Finding a HIST: Chordality, Structural Parameters, and Diameter
Tesshu Hanaka, Hironori Kiya, Hirotaka Ono
TL;DR
This work analyzes the problem of finding a HIST, a spanning tree with no degree-2 vertices, from both structural and algorithmic angles. It delivers a polynomial-time characterization and recognition algorithm for chordal graphs with diameter at most 3, and establishes NP-hardness for strongly chordal graphs with diameter 4, delineating sharp complexity boundaries. It also advances the algorithmic toolkit with an exact $4^n$-type dynamic program and several parameterized algorithms, including $O^*(4^{k})$-time modular-width, MSO$_2$-based treewidth, and cluster deletion-number FPT results.

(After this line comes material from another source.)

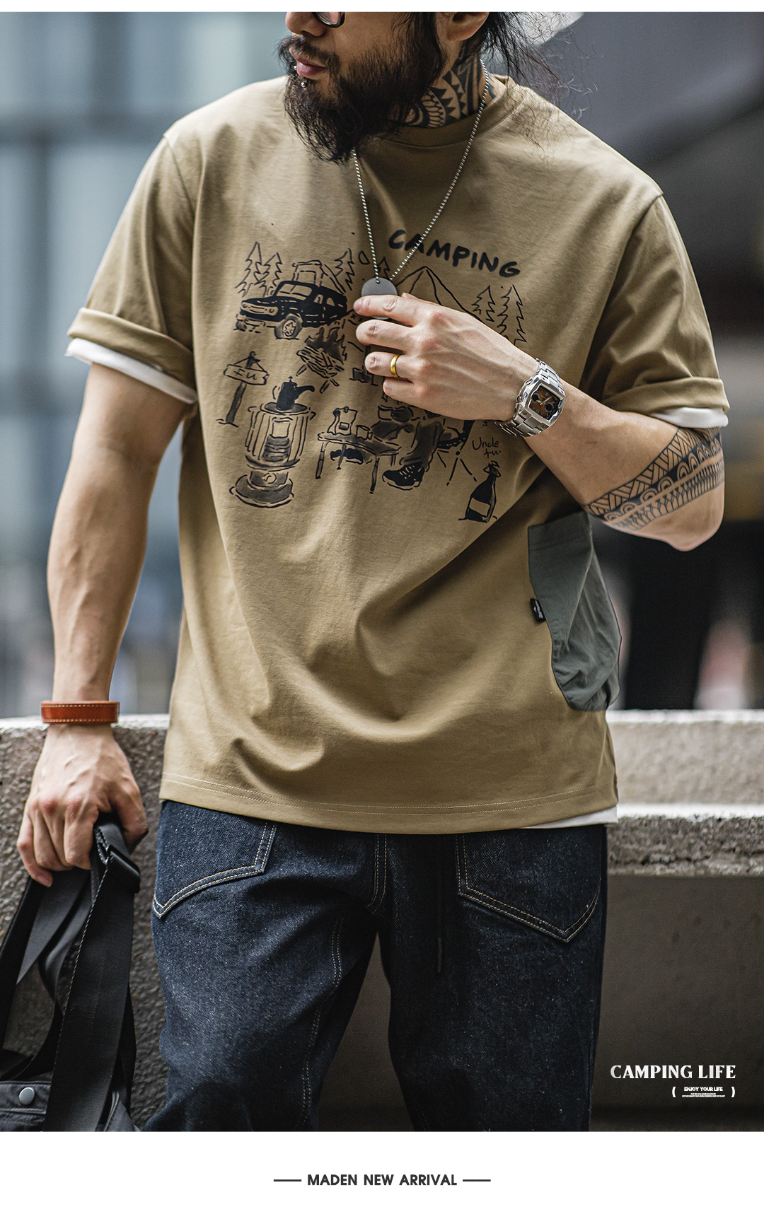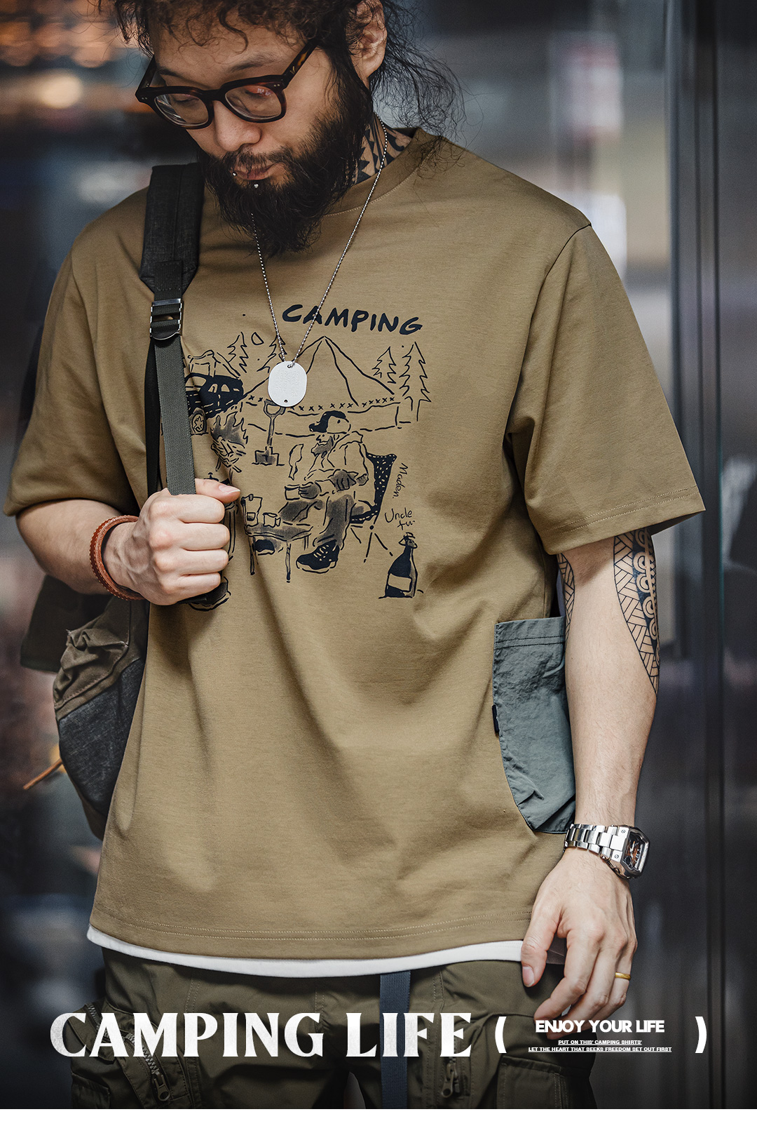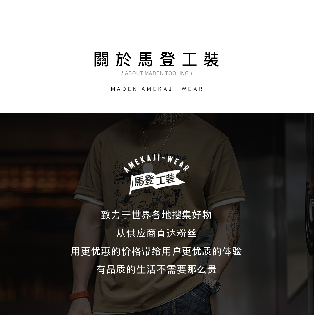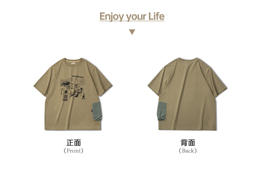 【露营手绘印花设计 军事风口袋 防泼耐磨】马登工装 山系户外趣味印花短袖T恤

Together, these results map out the tractability frontier for HIST across graph classes and structural parameters, informing both theory and practical computation.
Abstract
A homeomorphically irreducible spanning tree (HIST) is a spanning tree with no degree-2 vertices, serving as a structurally minimal backbone of a graph. While the existence of HISTs has been widely studied from a structural perspective, the algorithmic complexity of finding them remains less understood. In this paper, we provide a comprehensive investigation of the HIST problem from both structural and algorithmic viewpoints. We present a simple characterization that precisely describes which chordal graphs of diameter at most~3 admit a HIST, leading to a polynomial-time decision procedure for this class. In contrast, we show that the problem is NP-complete for strongly chordal graphs of diameter~4. From the perspective of parameterized complexity, we establish that the HIST problem is W[1]-hard when parameterized by clique-width, indicating that the problem is unlikely to be efficiently solvable in general dense graphs. On the other hand, we present fixed-parameter tractable (FPT) algorithms when parameterized by treewidth, modular-width, or cluster vertex deletion number. Specifically, we develop an $O^*(4^{k})$-time algorithm parameterized by modular-width~$k$, and an FPT algorithm parameterized by the cluster vertex deletion number based on kernelization techniques that bound clique sizes while preserving the existence of a HIST. These results together provide a clearer understanding of the structural and computational boundaries of the HIST problem.